Doing everything remotely and asynchronously

The Covid era opened our mind to how to work, even on complicated tasks and activities, fully remotely. And across continents. All the work we have done on the design system was built from our homes via video calls and Slack channels. We have got familiar with this setup and it helped us to introduce a means of communication with other departments within the company. We use several channels in Slack:
For any update or announcements from our side about design system changes (just recently we refactored Table Row for the iOS team).

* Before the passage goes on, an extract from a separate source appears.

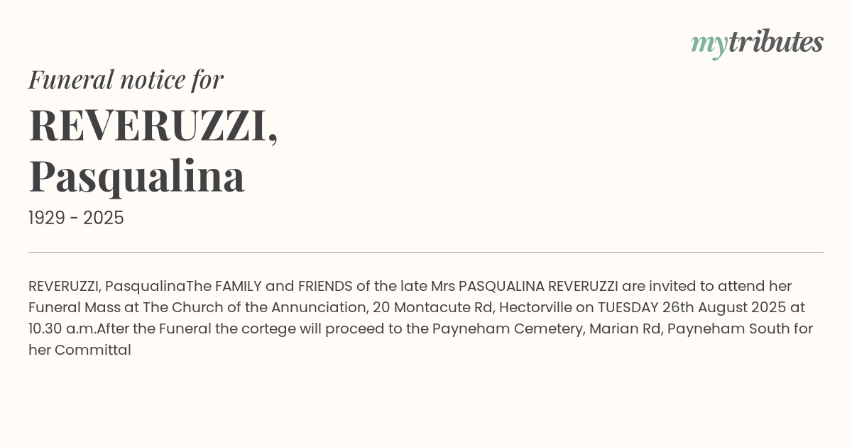 The FAMILY and FRIENDS of the late Mrs PASQUALINA REVERUZZI are invited to attend her Funeral Mass at The Church of the Annunciation, 20 Montacute Rd, Hectorville on TUESDAY 26th August 2025 at 10.30 a.m.

This channel is for announcements only.
For any discussion between designer, developers, product managers, or anybody else from the company.
For “design group”, we have a private channel where we discuss day to day progress, iterations, ideas, feedback, and more.
In case you are interested in working asynchronously, Matouš Jemelka (one of us) wrote a really cool article about it – check it out here.

Where are we heading?

Building a design system is just the beginning of a long-term journey. Count on that before you build your own. We want to focus on usage and its analytics in Figma and in the code. Luckily, the Figma Organisation plan has the ability to measure each library and component.

Our plans are to integrate more teams into our design system, we have already started to talk with our Marketing department and CMS team as we can involve other parts of the company and establish many more synergies. We are also working on our Copy system which will cover every corner of how we communicate within the product to our customers and visitors. But we will write about this part in another article.